Если ты переспал с женщиной, то уж поесть при ней можно, верно?
Она деловито ковырялась ложкой в своей баночке с йогуртом. Мне был виден только белый пробор в черных волосах.
Запах кофе гулял по комнате, как развеваемый сквозняком пучок черных шелковых лент.
Я сказал:
— Я не знаю, ну… хочешь, поженимся?
Она обернулась. Она вроде как опять сменила облик: глаза у нее сегодня были немножко китайские, может, она плакала и веки припухли? Из-за меня плакала?
— Что? — спросила она удивленно.
— Ну, я подумал — почему бы не? Я же… мы же… были вместе.
Ну вот, я все-таки сделал ей предложение. Посторонней девице. О которой я вообще ничегошеньки не знаю, кроме того, что пирсинг у нее не только в ноздре. Очень полезное знание для семейной жизни.
Как ни странно, я испытал определенное облегчение.
Бледные злые губы задрожали, и я подумал, что она опять сейчас заплачет.
— Мы — что? — спросила она.
— Ну, были близки. Любовниками были, нет?

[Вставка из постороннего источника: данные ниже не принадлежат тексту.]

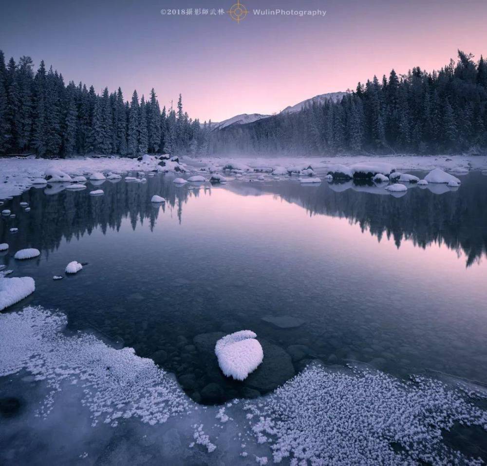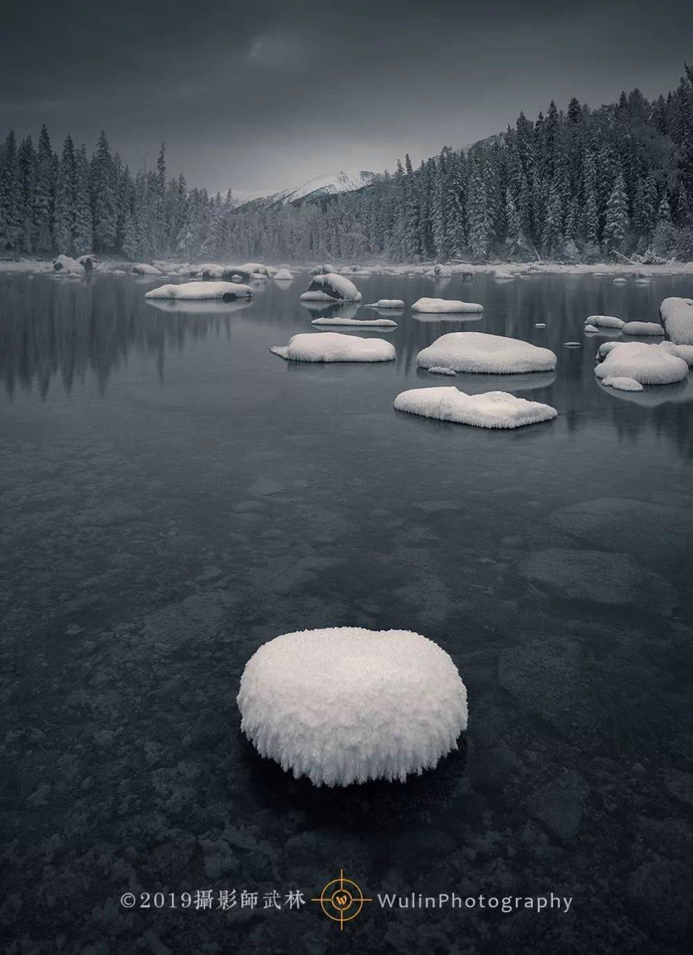以下图为例,当时我在拍摄喀纳斯湖的时候,我想选择一个尽可能简单简洁的画面,但是我又想让画面有一个让观者印象深刻的,所以我寻找一个小小的雪蘑菇,来充当画面的视觉兴趣点。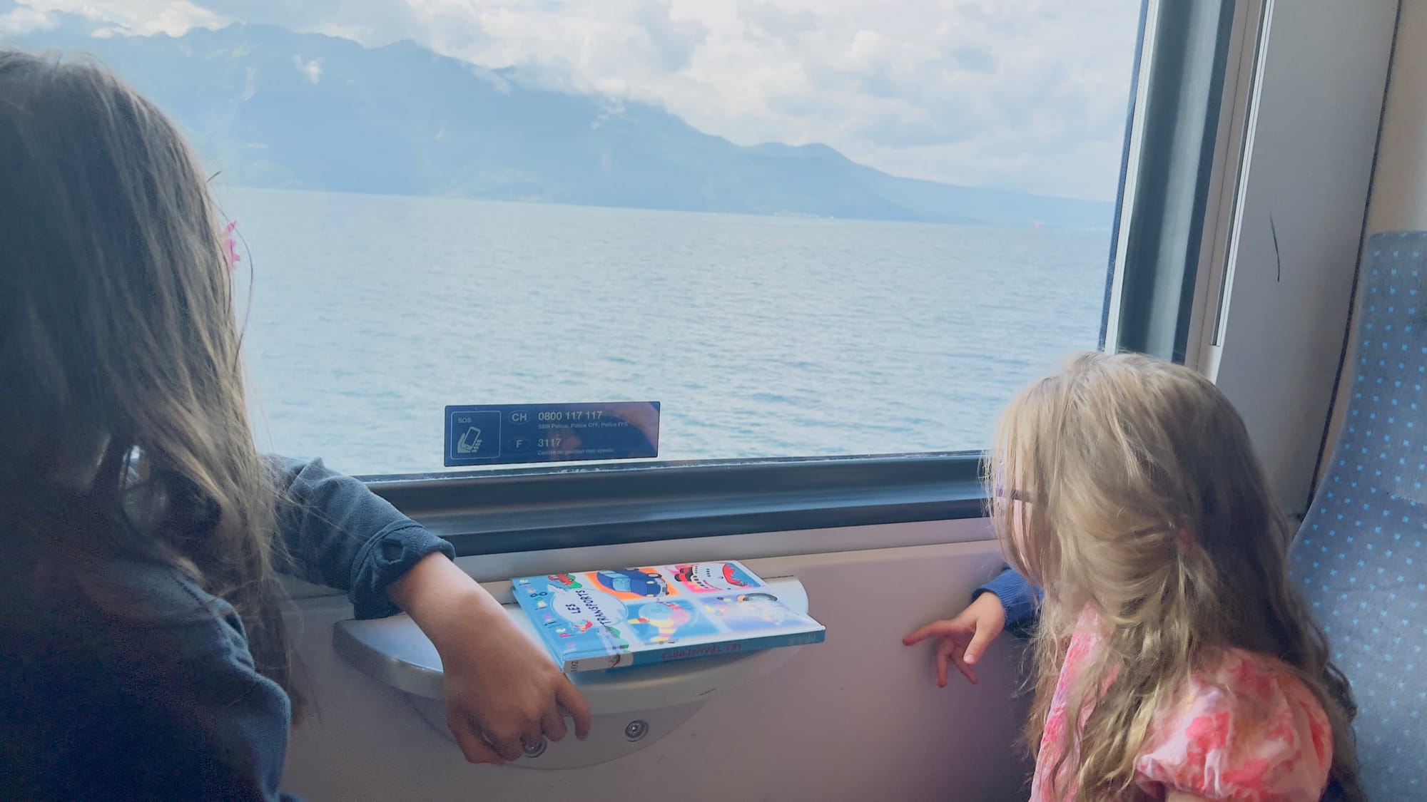 Après un café sur le balcon à 14° et un bon petit-déjeuner, c’est la descente vers la plaine puis le train jusqu’à Lausanne, avec un arrêt à Aigle pour laisser l’aînée chez grand-parrain et grand-marraine. Aujourd’hui, ce sont les deux cadettes qui m’accompagnent en classe.

Тут я понял, что губы у нее дрожат от смеха.
— Тебе показалось. — Она посмотрела мне в глаза весело и нагло.
— То есть… как?
— Напился и задрых у меня на диване, я тебя с дивана на кровать перетащила, ты шел вроде как почти сам, но не соображал ничего. Вот и возбудился, пока меня лапал. Эротический сон, слышал о таком?
— Когда-то слышал, — сказал я устало, — очень давно.
Она была так уверена в себе, держалась с такой великолепной наглостью, что я засомневался. А вдруг и правда? Ну то есть вдруг неправда.
— У тебя пирсинг в интимном месте, — сказал я.
— Да-а? — весело удивилась она. — Ну, доктор, у вас и фантазии!
Значит, было, нет ли (я уверен, что было), жаловаться на грязного насильника она не собирается. И то хорошо. В то же время я ощутил невнятную, но острую тоску, разочарование. Не будет по утрам она в черном пеньюаре варить кофе. Не будет жарить тосты. Не для кого мне покупать на блохе тарелки, синие, с золотой эмалью, с цветами и птицами. Некого радовать.
Запах кофе щекотал ноздри. У нее, похоже, наконец получился хороший кофе.